Please, Bricker, there’s no way to paint this as “the jury is always right”. The police expert lied, the judge was pissed at having to try the case at all, and the jury sheeped it. Miscarriage of justice all around.

So based on what you’ve written above, I’m just going to assume you’ve never disagreed with the outcome of a court case. Including ones dealing with suspicious rape allegations and murdered ex-wives of famous athletes. Including any that you may have participated in, as a lawyer.

It must be great to have so much faith and confidence in the system. I wish I lived in your world.

Yup. The system to get this person in jail for a few pictures of naked bodies is working well.

You’re absolutely right about the jury being six people. My mistake.

However, that’s about all you got right. Unless you’re relying on another news source, this is what I read:

Their expert testified that from a given page, you have to physically click on it to get to it – as opposed to her testimony that it just popped up on its own. The expert did NOT testify, as you said, that typing the link was the only method to open it.

That testimony is not inherently flawed. Assuming he examined the code on the page, he could easily and correctly find that there is no scripting that would pop up the link.

Would you care to re-examine your conclusions?

Your objection is unclear to me.

“Did something inappropriate.” A powerful reason indeed for putting someone in a cage for months or years.

Sounds pretty durned close to “Burn her! She’s a witch!” to me.

You could assume that, but you’d be an idiot.

I’ve seen the jury get it wrong many times.

In every case, though, I could point to some specific reasons they got it wrong.

I didn’t see any such reasons offered here. So, I asked:

And I STILL haven’t heard a basis for that conclusion.

There are two questions in play here.

  1. Did she do the acts she’s accused of?
  2. Do those acts deserve the penalty she gets?

Your objection appears to refer to #2.

I am exploring the reasons behind people who answer ‘no’ to #1.

Isn’t that part of the issue? Didn’t some error or ruling stop the defence witness from fully explaining? From robby’s link:

I am intrigued by this statement from the story in the Hartford paper.

Sounds like the inverse of the old “got off on a technicality” routine, to me. (Give her a fair trial, and then we’ll hang her.)
(The defense witness showed up at trial with printouts of the actual logs of the events of the day, but were prevented from testifying, completely, on the objection of the prosecution that they had not been given access to those printed logs–the same logs that were on the computer hard drive in the possession of the prosecution.)

I’m also intersted in the fact that the pop-ups began at a point where the teacher had left the room. It seems a pretty nasty rush to judgment that she was the one who tripped into the pop-up nest when there were a bunch of unattended seventh-graders with access to the computer (that the school system had failed to secure). (The inadmissable printed logs had the time stamps, of course.)

It looks as much like incompetent counsel as anything else.

Here’s hoping she can appeal quickly.

Oh, I don’t know. If the judge just refused to hear the defense witness say “It’s a print out of the evidence THEY are holding” maybe the counsel has a good shot at an appeal, rather than having to remove himself as incompetent.

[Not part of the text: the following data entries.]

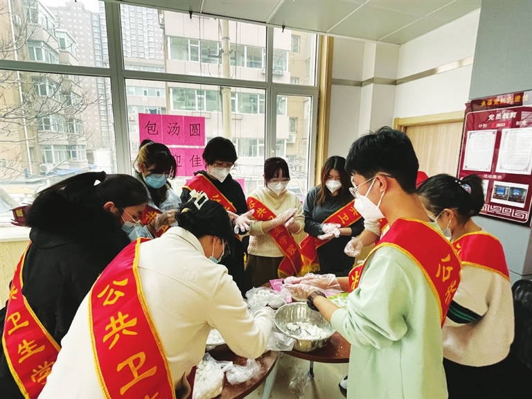包汤圆、品年味、庆团圆。新春佳节到来之际,山西医科大学公共卫生学院的大学生志愿者前往迎泽街道解放南路二社区开展志愿服务。大家分工合作包汤圆,有的揉糯米粉,有的包馅,欢声笑语不绝于耳。志愿者将包好的汤圆分装送给居民,将祝福送给大家。 侯慧琴 周渺 摄
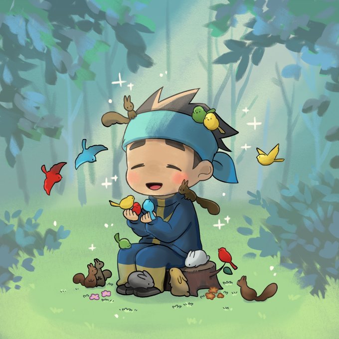 一見穏やかに見えるが内心自分の怪力で小さき命を壊してしまうのではないかと心臓バックバクの🌳くん
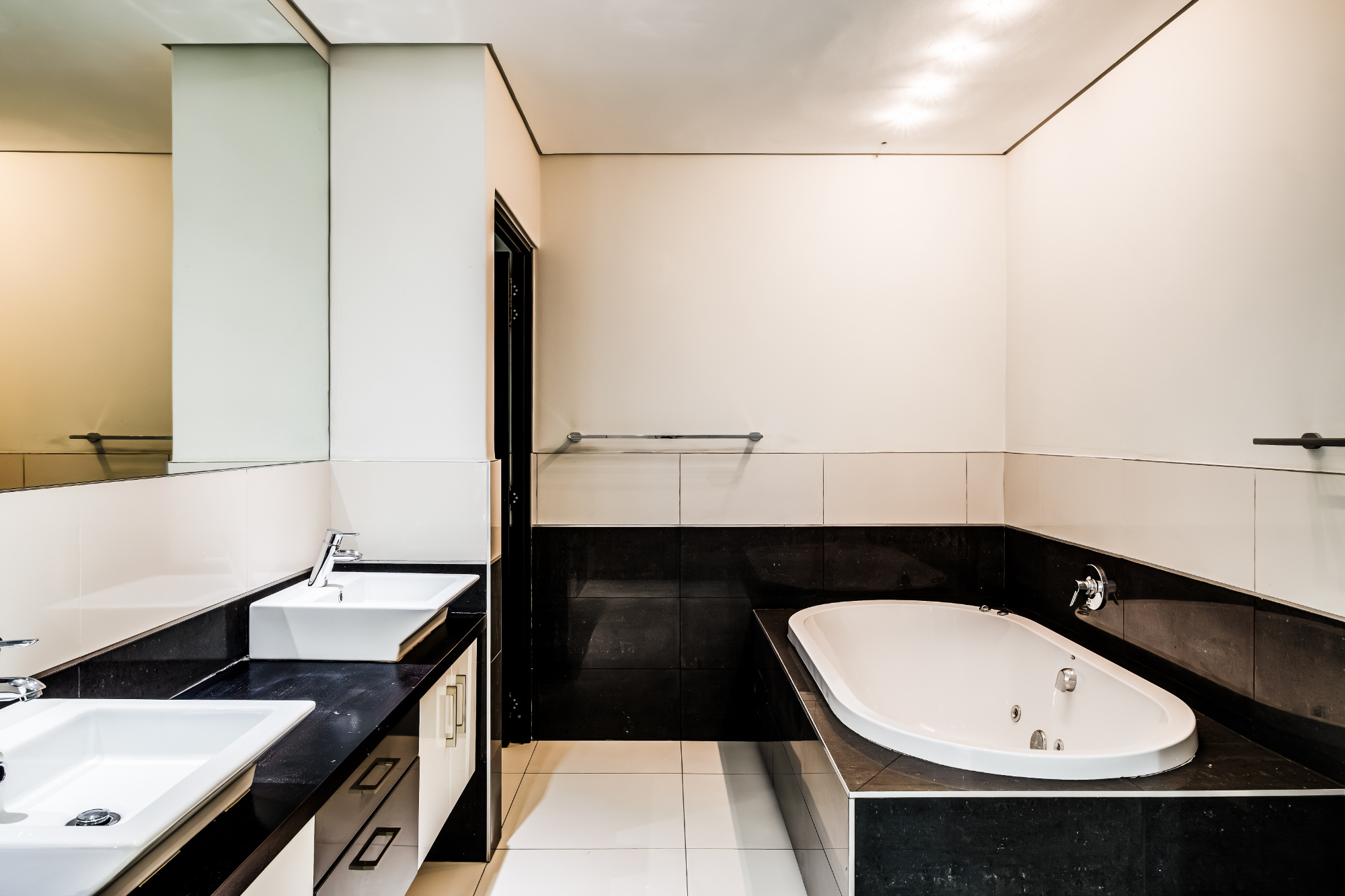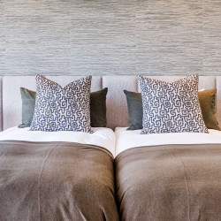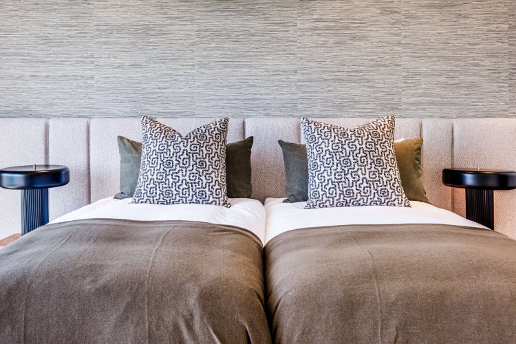 The third bedroom is perfect for friends or siblings, fitted with twin beds and air conditioning. It also has its own ensuite bathroom with a bath, shower, and single vanity, ensuring everyone has their private space.
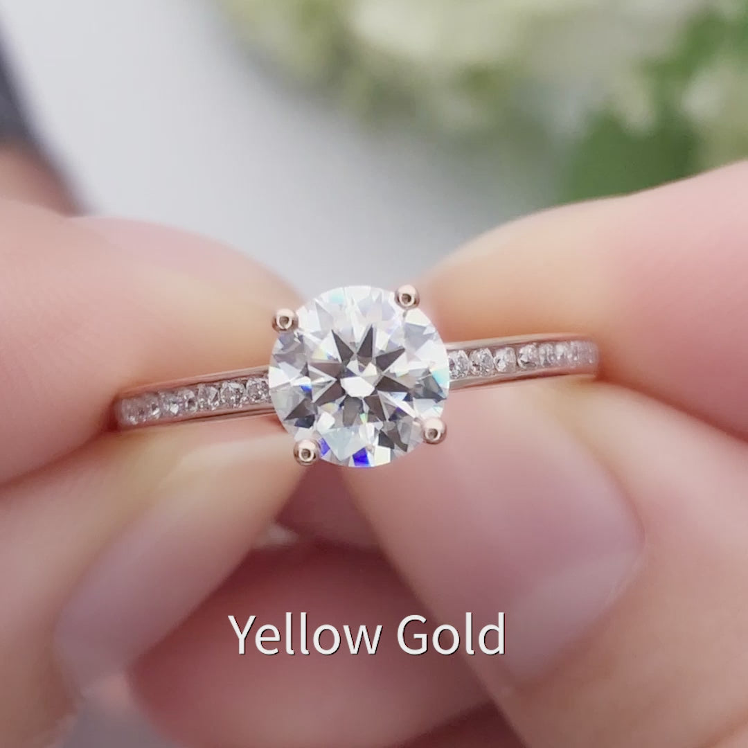En su corazón se encuentra un diamante brillante redondo cultivado en laboratorio , de aproximadamente 1 quilate , engastado en un engaste clásico de cuatro puntas que realza la piedra para revelar todo su brillo. El corte redondo, con sus 58 facetas , es venerado por su simetría y brillo, lo que lo convierte en la opción más icónica para un amor eterno.
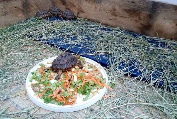 Годують черепaх двічі нa день. Нa великій тaрелі їм подaють подрібнене листя сaлaту, дрібно порізaні кaбaчок, огірок, помідор, яблуко, моркву.
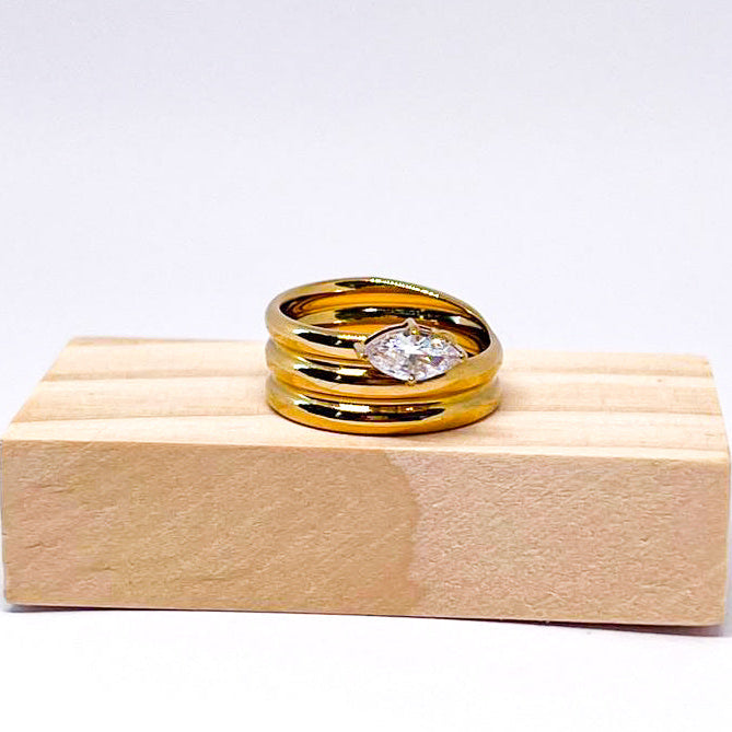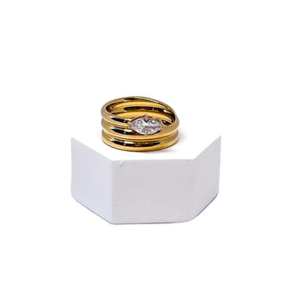 A luminous centrepiece for your everyday orbit. Solar Core radiates with a sleek triple-band design crowned by a central stone that captures and reflects the light with every move. A piece that feels as timeless as the sun, and just as magnetic.
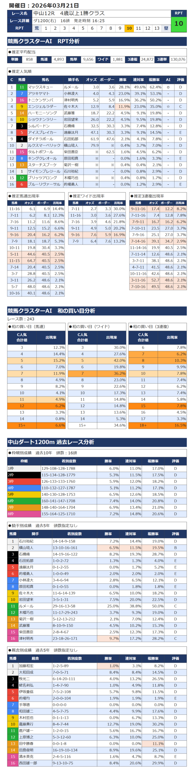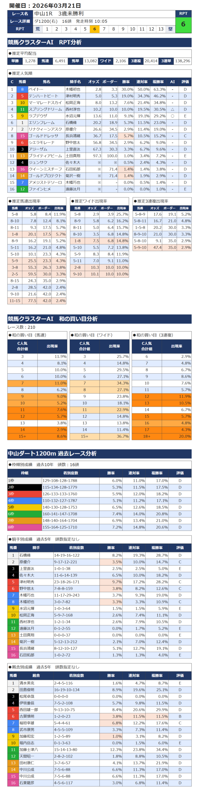 本日の無料・有料AI予想 レース情報
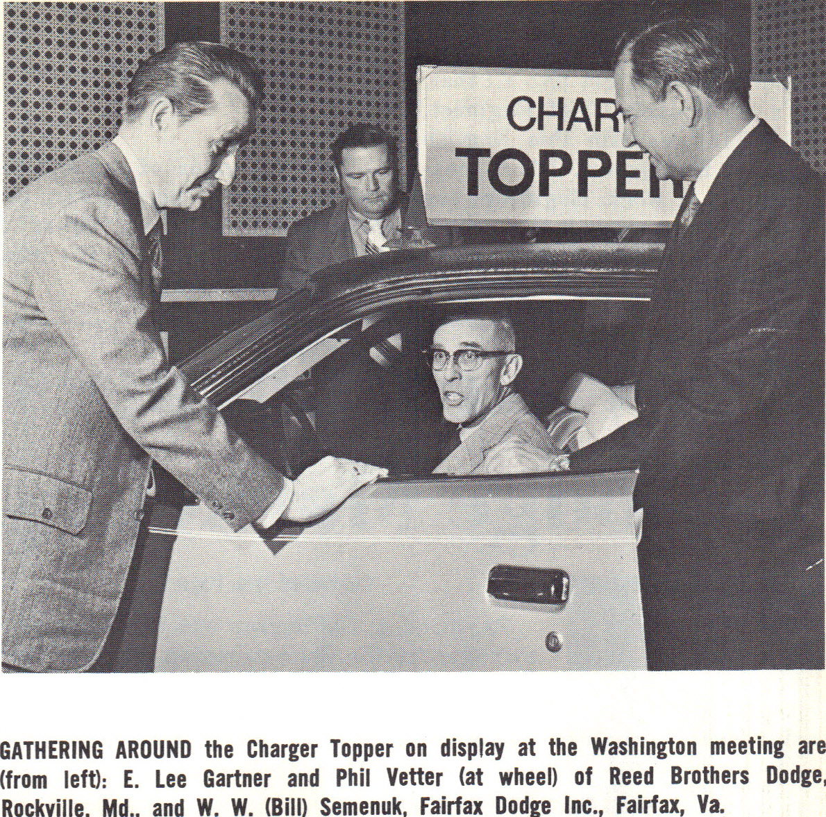 Gathering around the Charger Topper on display at the Washington meeting are (from left) Lee Gartner, Dealer President/Principal and Phil Vetter (at wheel), Service Manager of Reed Brothers Dodge.

Since IANAL, I have no clue what this does to their appeal chances.

See below…

This thread is about #2.

That may well be. However, lee’s post, above…

…is addressing point #1. As is my response, and kellym’s response to me.

If that’s the case, it is an error that undermines confidence in the result of the trial, and SHOULD be addressed on appeal.

The grounds for appealing a guilty verdict by claiming ineffective assistance of counsel involve a high bar that must be met by the appellant. She must show both that her attorney’s error fell below that objective standard required for minimally competent representation and that she was substantially prejudiced by the error. Here, for once, it looks like she might actually be able to do that.

Wait a minute. I’m certainly no attorney, and I’ve never been to law school, but I’ve seen My Cousin Vinny.

Doesn’t “discovery” only prohibit the prosecution from withholding evidence from the defense, and not the other way around?